(Recorded information):
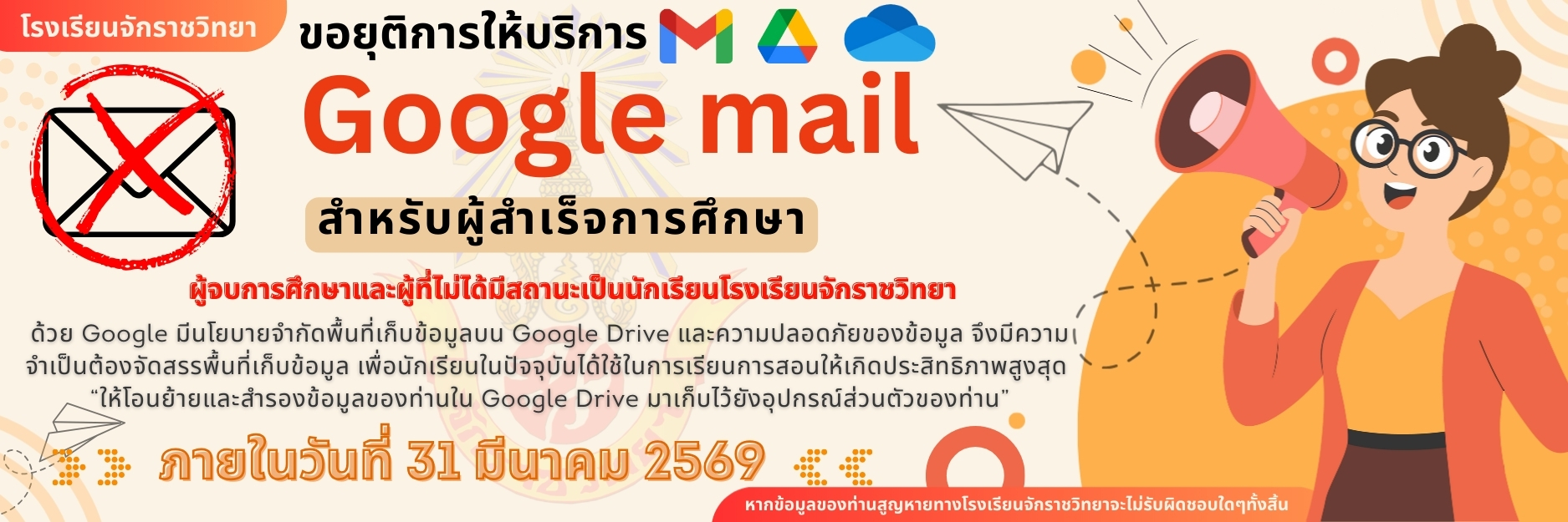 บัดนี้จะมีนักเรียนชั้นมัธยมศึกษาปีที่ 6 กำลังจะสำเร็จการศึกษา โรงเรียนจักราชวิทยาจึงจะ ยุติการให้บริการ Google Mail สำหรับผู้สำเร็จการศึกษา ผู้จบการศึกษา และผู้ที่ไม่มีสถานะเป็นนักเรียนปัจจุบัน
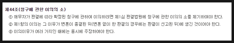 이러한 경우 통상적인 민사사송이나 항소를 통하여 권리구제를 받을 수는 없으나 ■ “청구이이의소”라는 소송절차를 통해 문제를 해결할 기회를 부여받을 수 있는데, 이렇게 채권자가 집행권원을 취득한 이후에도 구제가 가능한 이유는 확정된 지급명령이나 이행권고결정은 민사소송의 확정판결과 달리 집행력만 부여받고 기판력은 부여받지 못하기 때문입니다.
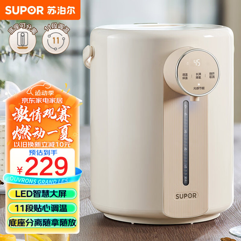 苏泊尔(SUPOR)电热水瓶 除氯电热水壶烧水壶 5L大容量304不锈钢电水瓶 多段保温恒温电水壶 SW-50T109价格:229.00元!
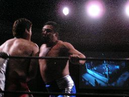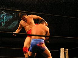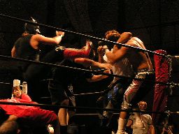 石川ロープに飛ぶ、健心カウンターのラリアット(右写真)。健心ロープに飛んでもう一発、カバーは橋本がカット。泉州が橋本を場外に出す。
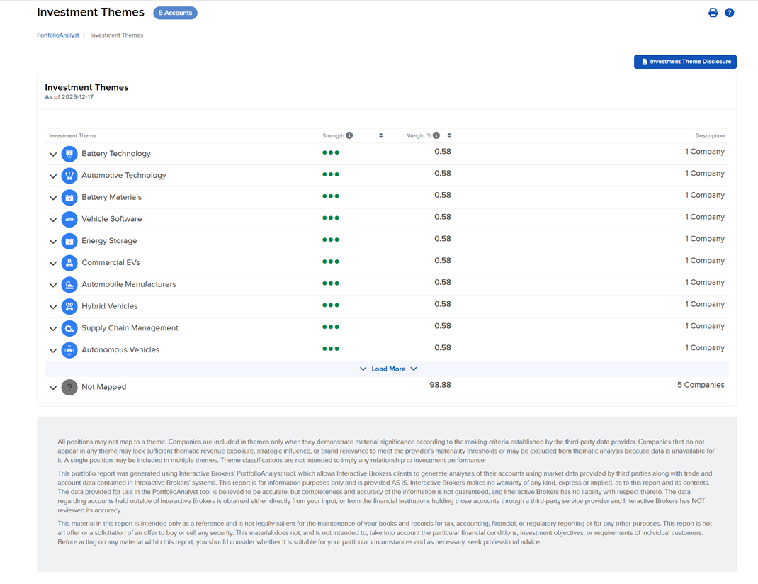 Click the arrow next to any Investment Theme to expand it and see your holdings, including the Description, Weight %, Unrealized %, and Unrealized P&L.

(Work request):
Type the lines above out again exactly as they appear, skipping every picture.

(Response to this exercise):
 บัดนี้จะมีนักเรียนชั้นมัธยมศึกษาปีที่ 6 กำลังจะสำเร็จการศึกษา โรงเรียนจักราชวิทยาจึงจะ ยุติการให้บริการ Google Mail สำหรับผู้สำเร็จการศึกษา ผู้จบการศึกษา และผู้ที่ไม่มีสถานะเป็นนักเรียนปัจจุบัน
 이러한 경우 통상적인 민사사송이나 항소를 통하여 권리구제를 받을 수는 없으나 ■ “청구이이의소”라는 소송절차를 통해 문제를 해결할 기회를 부여받을 수 있는데, 이렇게 채권자가 집행권원을 취득한 이후에도 구제가 가능한 이유는 확정된 지급명령이나 이행권고결정은 민사소송의 확정판결과 달리 집행력만 부여받고 기판력은 부여받지 못하기 때문입니다.
 苏泊尔(SUPOR)电热水瓶 除氯电热水壶烧水壶 5L大容量304不锈钢电水瓶 多段保温恒温电水壶 SW-50T109价格:229.00元!
 石川ロープに飛ぶ、健心カウンターのラリアット(右写真)。健心ロープに飛んでもう一発、カバーは橋本がカット。泉州が橋本を場外に出す。
 Click the arrow next to any Investment Theme to expand it and see your holdings, including the Description, Weight %, Unrealized %, and Unrealized P&L.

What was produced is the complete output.